Let’s break this down:
- Three layers on top. Three layers of long sleeves. Can you fathom attempting to sit at a desk and type (with arms bent at the elbow) on your keyboard for oh, six hours or so? I’d lose all feeling in my fingers due to lack of circulation.
- The “unexpected” denim shirt paired with ANYTHING. Will denim shirts please just crawl back to the ranches they came from and DIE already?!
- Three different collar styles, two of which definitely don’t work together.
- There are roughly a dozen colors in this look. 12 colors, four patterns, four bracelets, one necklace, and a bright-ass clutch.
So yeah, it is indeed a hot mess, inside and out. Long sleeves in triplicate? Hope she was wearing anti-perspirant in triplicate too. You know girlfriend is only fake-smiling ’cause they paid her.
Lucky Magazine: Your Ultimate Printed Guide to Man Repelling
And then I turned a few pages and saw this and had another Insta-rant:
They took a fantastic skirt by Suno that is a wearable work of art (and some killer LAMB kicks), threw a leather bra over a tee (who wears that?); added a coat that covers three-quarters of the focal point (the skirt); put a big sloppy bag in her hand that doesn’t complement the crisp, geometric feel of the skirt; and to top it all off, added the ugliest gloves on earth. GLOVES that are meant for warmth, not a statement. WITH BARE LEGS AND OPEN-TOED SANDALS. The logic escapes me.

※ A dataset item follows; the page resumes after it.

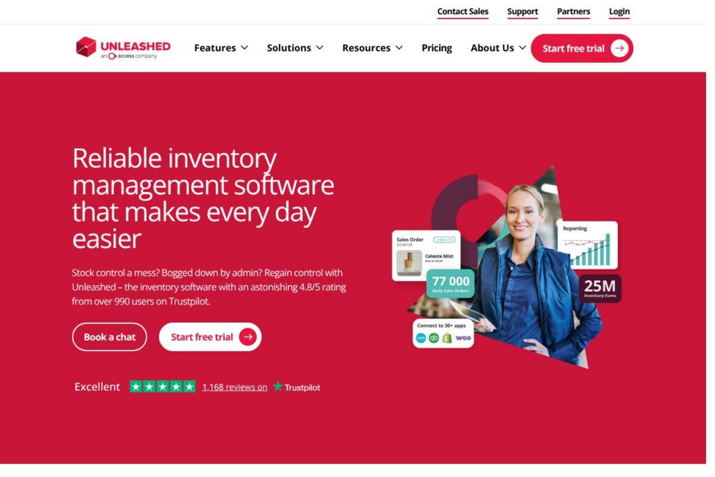 Unleashed organises inventory, purchasing, production, and sales data around accurate stock valuation and traceability. Core capabilities include multi-warehouse stock control, purchase order automation, bills of materials, batch and serial tracking, inventory forecasting, and business intelligence reporting. The platform has expanded its interface with a natural language assistant called Access Evo for faster data queries and task shortcuts.

Oh, and I tested my man-repelling theory. When I showed the spread to my husband, as I lamented the travesty before my eyes, he said:
“She went from sexy to…Nana.”
Uh-huh. Not that looking sexy is everyone’s goal. But Lucky could help us by not suggesting impractical, crazy cat lady looks, don’t you think?
Have you discontinued a magazine subscription because of repeat offenses of this nature? Do you often look at an editorial and wonder what in the hell the stylist was thinking?